Gewiss, so nahe am Geschehen zu sein ist nicht jedermanns Sache. Und nicht alle Männer berichten im Nachhinein so entspannt von der Geburt. Manche Eindrücke werden sie nicht mehr los. Schliesslich verfolgt der Mann die Geschehnisse hellwach, während die Gebärende irgendwo in einer Wolke nicht alles klar mitbekommt. Der Schock schwingt noch mit, wenn ein Mann von der «Pouletschere» erzählt, die bei seiner Frau für den Dammschnitt eingesetzt worden sei. Ein anderer wurde in seine Landdienst-Zeit zurückversetzt, wo die Kälber im Stall mit Zange und roher Kraft herausgezerrt wurden – wie nun auch sein Kind.
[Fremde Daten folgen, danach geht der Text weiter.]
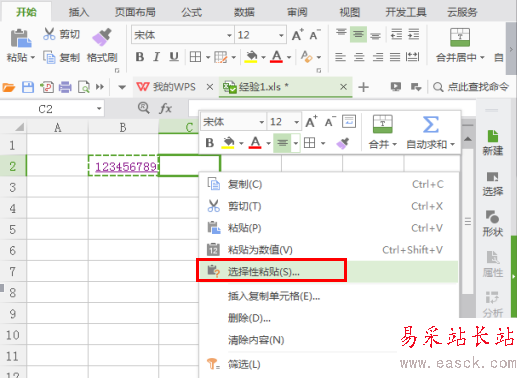 然后選擇旁邊的空白單元格,右擊,點擊-選擇性粘貼(如圖);

Ganz klar: Als einer der Protagonisten oder zumindest als Nebendarsteller bei einer Geburt dabei zu sein, hat mit dem Gucken der Lieblings-Spitalserie so wenig zu tun wie ein «Tatort» mit der «Landfrauenküche ». Wegzappen geht nicht. Wohlig-distanziertes Erschauern ob der Dramatik der Situation ist kaum möglich. Schliesslich ist es das eigene Kind, das hier geboren wird. Nichts für schwache Nerven also. Trotzdem begleiten Männer seit einigen Jahren ihre Frauen mit einer unerschütterlichen Selbstverständlichkeit nicht nur ins sanft beleuchtete Gebärzimmer, sondern weichen ihr auch dann nicht von der Seite, wenn eine Verlegung der Geburt in den Operationssaal notwendig wird.
So auch Philip Gehri. Zwar liefen ihm die Tränen über die Wangen, als er in Einweg-Operationsgewänder gekleidet auf einem Stuhl im Gang darauf wartete, in den OP eingelassen zu werden, wo sein Sohn aus dem Bauch seiner Frau geholt werden sollte. Doch nicht aus Verzweiflung oder Angst: «Der Geburtsverlauf war die ganze Nacht lang ungewiss gewesen, und ich hatte gegen den Morgen immer wieder um Fassung ringen müssen. Als sich nun die Hebammen auf dem Gang vor dem Operationssaal von mir verabschiedeten, brach ich in Tränen aus», erinnert er sich. Besorgt fragten die Hebammen, ob er beim Eingriff dabei sein wolle. Er wollte und beobachtete die kontrollierte Situation im Operationssaal fasziniert. «Endlich ging etwas. Das war spannend und erlösend zugleich.»